The Trademark and GI Battle for Kashmiri Products Must be Taken Seriously 

India, being a pioneer in geographical indication protection in the region, must take the lead and be the first one in acceding to the Geneva Act, which offers protection to handicraft GIs as well.

Last month, the World Trademark Review carried a report that the Romanian IP Office (OSIM), after an initial refusal, had accepted a trademark application by Fabryki Mebli Forte SA, a Polish furniture company. 

The mark involved is “KASHMIR”, applied for in respect of furniture, which Fabryki Mebil has been using to trade various kinds of furniture in reportedly 45 countries worldwide including Europe. 

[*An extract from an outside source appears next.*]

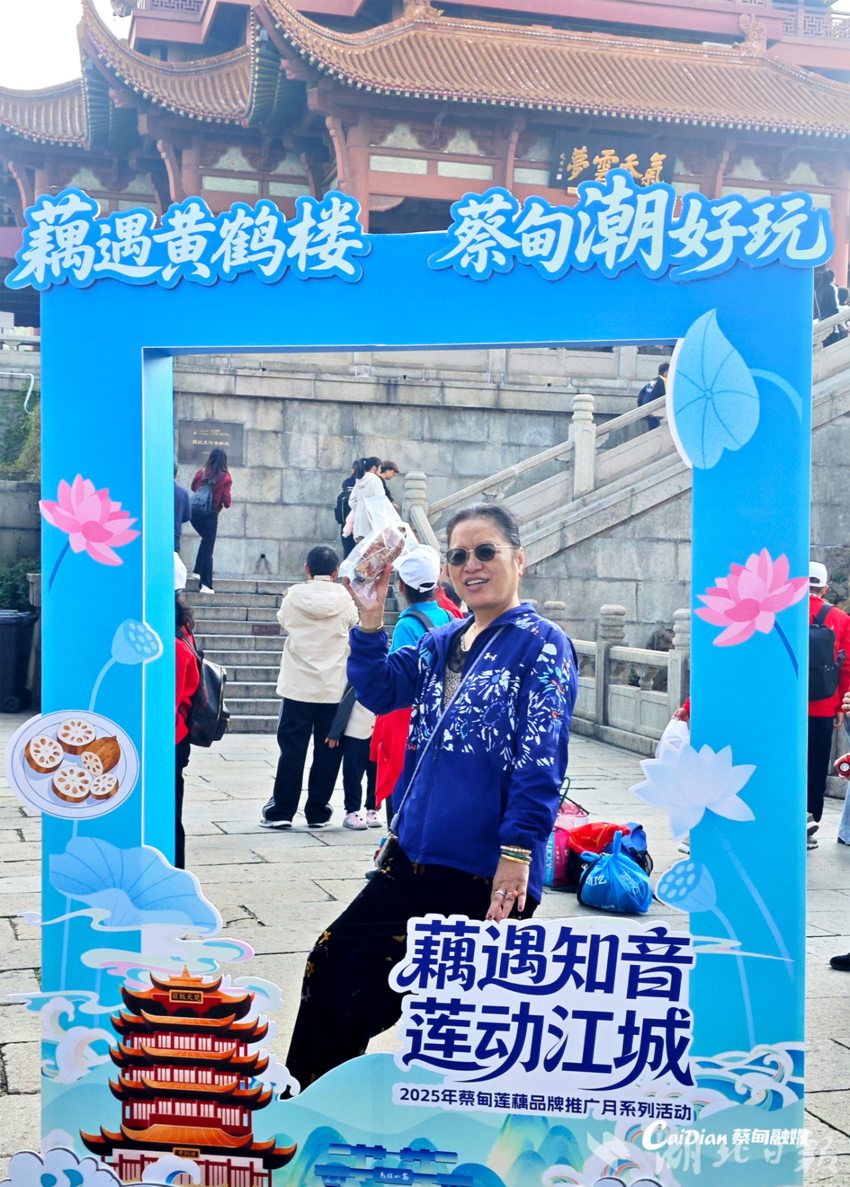 “国潮设计太出片。”游客李女士手持“蔡甸藕汤 四季飘香”标语牌拍照留念。莲藕主题打卡点前,游客纷纷合影并分享至社交平台,让“黄鹤楼下的蔡甸藕”话题迅速升温。

The decision of the OSIM should raise eyebrows in the trademark world for more reasons than one. To begin with, it is an established rule of law that geographical names cannot be monopolised by anyone as trademarks, unless it can be proved that the name has no association with the goods claimed.

Secondly, marks that indicate quality or geographical origin cannot be registered as trademarks. ‘KASHMIR’ is not only a well-known geographical name, but it is also associated with various crafts of wood, wool, silk and metal originating from Kashmir, thus disqualifying the mark in question!

Of relevance to this discussion is the 200-plus-year-old famed, carved walnut wooden furniture from Kashmir which is currently registered as a geographical indication (GI) for “Kashmir Walnut Wood Carving” in the name of Tahafuz, a registered society on the Indian Register of GIs.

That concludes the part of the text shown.